Les débris de l'avion après le crash du 24 juillet 2014
Douze ans après le crash du vol Air Algérie AH5017 au nord du Mali qui a fait 116, le procès de la compagnie Swiftair, société espagnole propriétaire de l’avion, s’est ouvert le lundi 9 mars 2026 pour «homicides involontaires.»
Par Yaniss Pognon
Malgré les reports et même le non-lieu prononcé en Espagne, le tribunal correctionnel de Paris a inscrit le dossier à son rôle depuis le lundi 9 mars.

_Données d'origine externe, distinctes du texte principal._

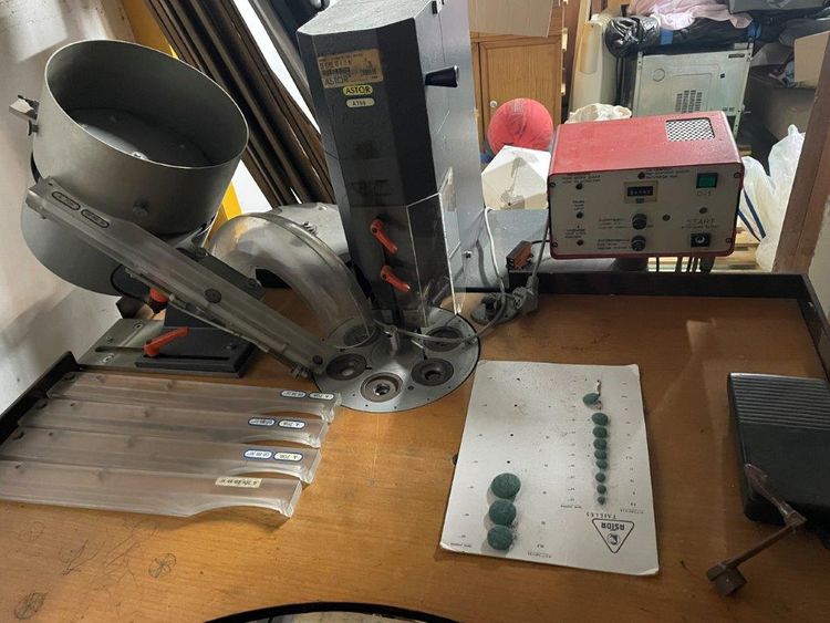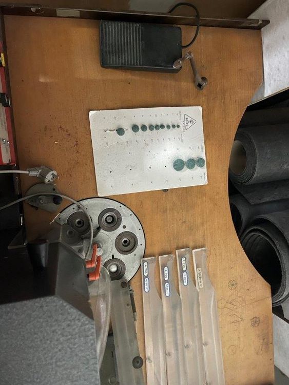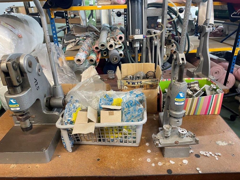 With the manual machines for cutting the fabric circles (one pneumatic and one lever-arm), and also a manual button-making machine.

Dans la nuit du 24 juillet 2014, l’avion avait décollé de Ouagadougou en direction d’Alger avant de poursuivre vers Paris.
Quelques minutes après son départ, l’avion disparaît des radars. A bord se trouvaient 116 personnes : 23 Burkinabè, 54 Français, 8 Algériens, 6 Libanais, l’équipage espagnol composé des deux pilotes et du personnel de cabine. Il s’est écrasé près du village de Boulekessi, au Mali. Le bilan est lourd. Aucun survivant.
Fin 2016, les magistrats français qui ont mené les enquêtes rendent publiques les conclusions. Le drame est survenu en raison des défaillances humaines.
L’équipage n’a pas correctement identifié la panne et les deux membres de l’équipage étaient des saisonniers ayant connu de longues périodes d’inactivité. Ils n’avaient effectué aucune heure de vol durant les huit mois précédant le crash.
Pour les experts, ces éléments traduisent des manquements de la compagnie en matière de formation, de maintien des compétences et de préparation des équipages.
Depuis lors, les familles des victimes réclament vérité et justice. La compagnie Swiftair, société espagnole et propriétaire de l’avion qu’elle a loué à l’Algérie rejette toute accusation.